If I'm correct, you're saying that people killing themselves due to a unexpected layoff is absolutely insane, and you cannot think of any way, shape, or form that being laid off has on that kind of decision? Or are you attempting to say that people who are laid off due to business decisions - which are typically premediated, uncommunicated in advance to avoid the loss of productivity that would be expected if a company were to sabotage it's employees like that - are entirely morally and ethically absent of any relation to the effects this will have on those laid off?

Now, you might argue in bad faith that it's not illegal, and thus is perfectly fine. If someone kills themselves due to something like this, they may have had problems before this, or that this wasn't an impact and probably would have done it anyways, or if it did, it wasn't that big, and if it was that big, then they deserved it somehow.

I feel this approach is morally, ethically, and as a human being, a completely void subject. At that point, you're attempting to rid yourself of the responsibility of the effects actions have on others, and sidestep the entire point of the post which addresses the moral quandary of the incredible perveance of white collar crime, and discussing possible ways to tackle this social issue.

Greed, like hate, is subjective. It is therefore, like hate, a terrible prerequisite for the activation of the criminal justice system. The idea that motivations for crimes should change the definition and/or penalty of those crimes has fostered popular corruption of the justice system since its inception. Industrialization has accelerated the adoption of human fears into that justice system, to the point where we can no longer even count the number of infractions under the law.

I'm pretty sure this deflection is what you're attempting to do with the above statement, while also exploring your own uniquely twisted idea that motivations for crimes are bad, and pretending like most crimes and cases aren't built around proving intent and because of intent.

In your world nobody would go to jail for attempted murder because if there wasn't a motivation to murder someone, it can't really be called an attempt. Tax fraud wouldn't be considered tax fraud because they can't connect that there was an active effort to evade taxes, they just made mistakes that their accountants didn't catch. It's actively advocating for the erosion of the common sense and most basic part of our justice system (if you can't prove the intent or motive, then you can't actually convict someone of a crime, it'd just be witch hunts at that point).

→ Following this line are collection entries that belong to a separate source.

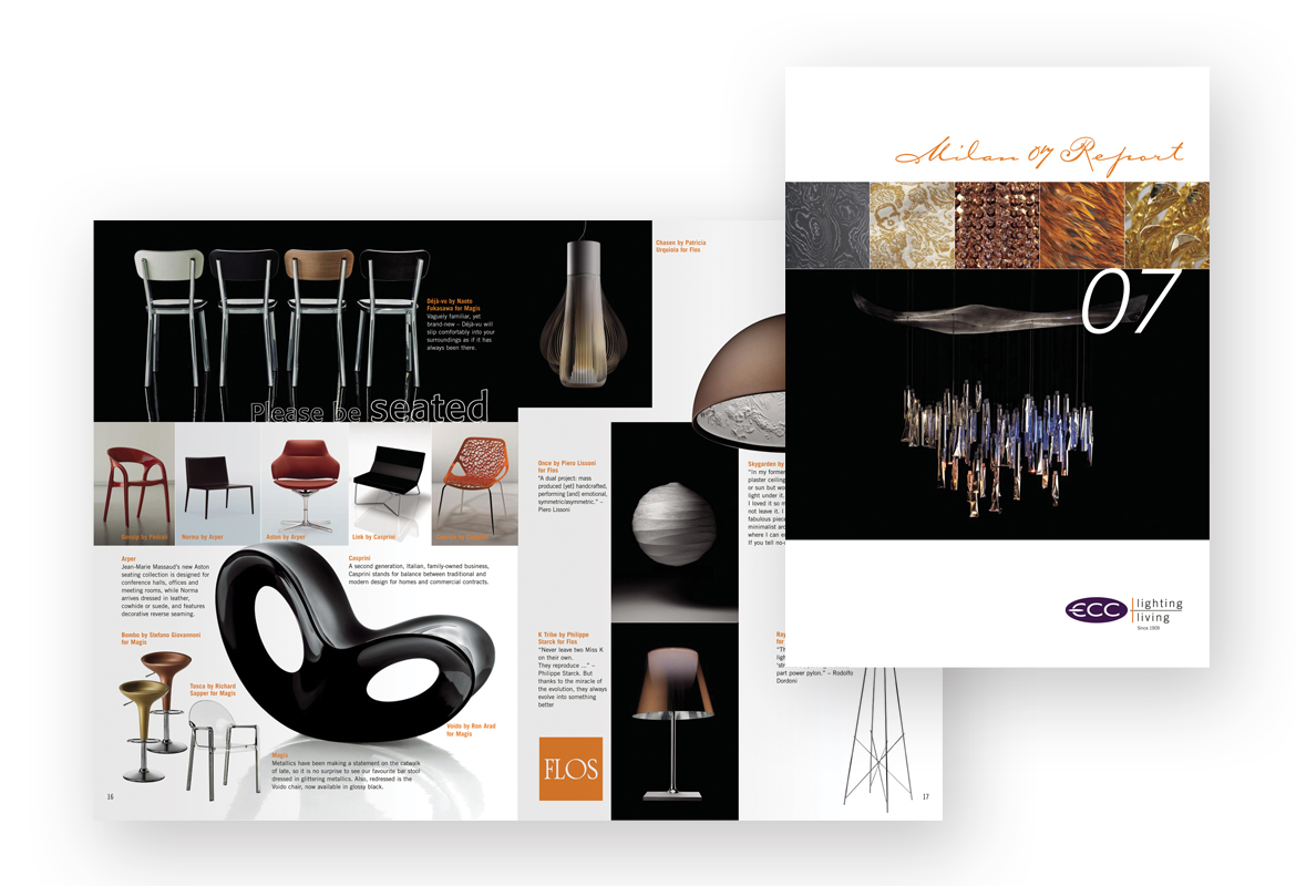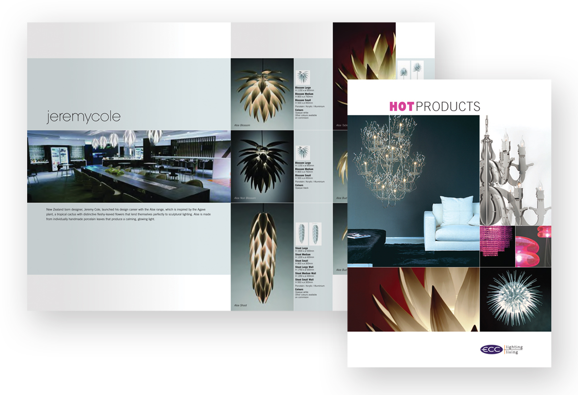ECC Lighting & Living provide the finest in design and quality lighting and home products, exclusively representing some of the world’s leading lighting and furniture designers. This catalogue was designed to showcase their products.
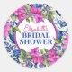 Pink Bougainvillea Blue Tile Bridal Shower Classic Round Sticker
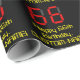 This nerdy and fun birthday-themed wrapping paper design features a large number "66" having a red seven segment digital display style look, along with the message "Happy 66th Birthday," and a customisable name in geeky yellow text, on a black coloured background. Wrapping paper like this might be used when giving a gift or present in honour of somebody’s 66th birthday. [~Z0000387]
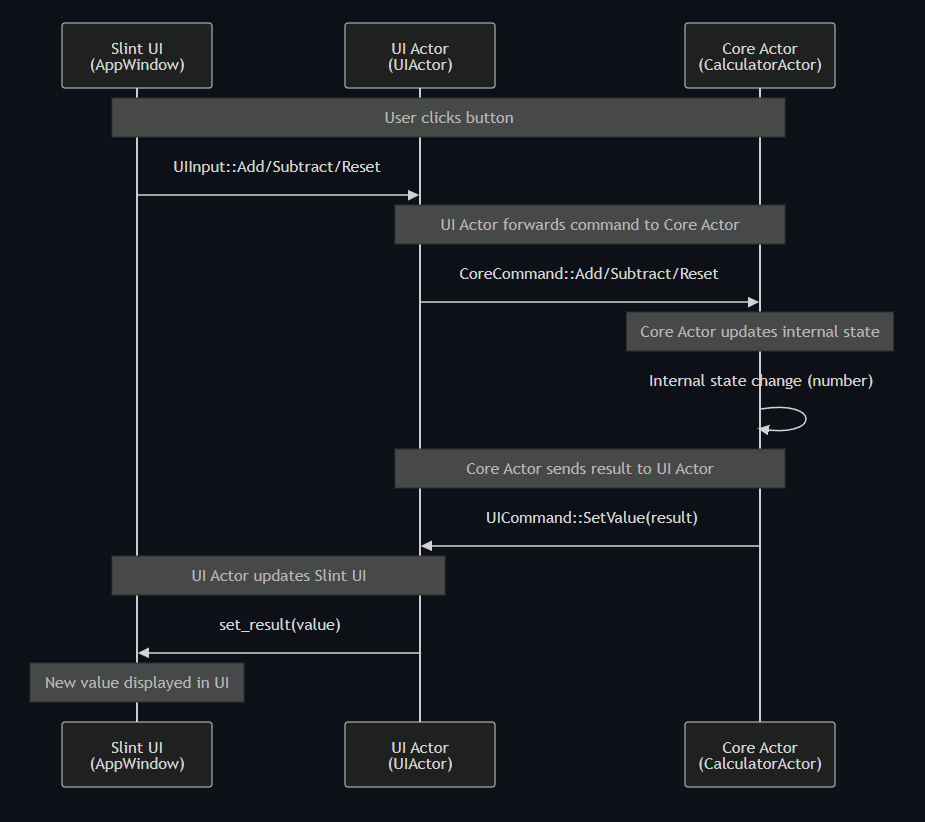 - UI Actor는 Slint UI로부터 받은 메세지를 Core Actor에 전달합니다.
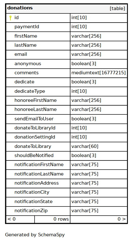 | donateToLibrary | VARCHAR | 60 | √ | NULL |
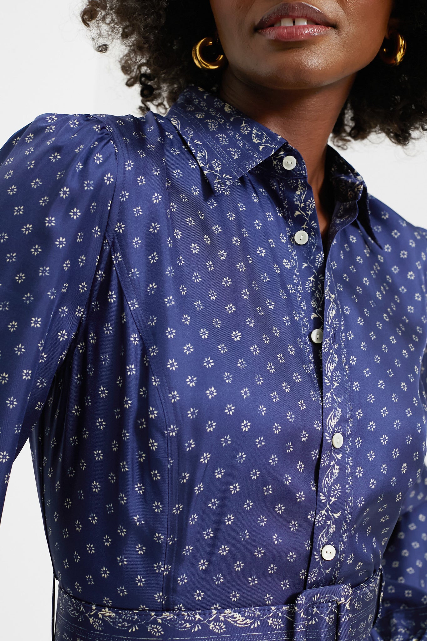 The Geo Paisley Mer Day Dress is a effortlessly elegant style to carry you through year-round occasions. Beautifully crafted from a flowy fabric. this classic shirt midi features a flattering A-line silhouette. blouson sleeves and a matching belt to cinch your waist. Simply pair with heels or boots and you are ready to wow the crowd!
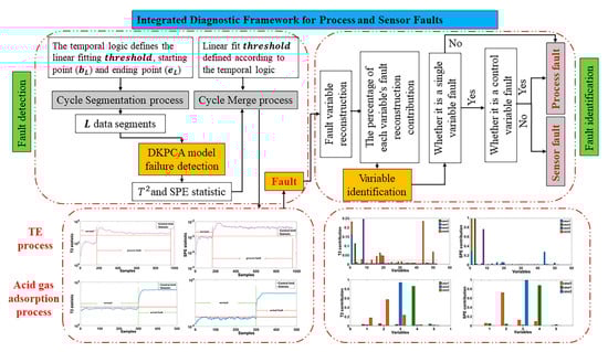 The integrated fault diagnosis framework for process and sensor faults is mainly composed of two parts: fault detection and fault identification. Through the fault detection step, various faults in the system are accurately and rapidly detected. Fault identification involves identifying specific fault variables by reconstructing the variable diagram method for the detected fault and distinguishing the fault types by using the process and sensor fault characteristics.

Also, not sure what Industrialization has to do with human fears, or what corruption you're referring to. Could you give concrete examples of changes in law that occurred during the Industrial revolution (1760 – 1840 in case you forgot) of this corruption you're talking about? Also, pretty sure you're talking about the Industrial Revolution as there is no period of time for 'Industrialization" other than the Industrial Revolution, unless you're referring to a more vague, made up timeframe. In which case, keep it to yourself.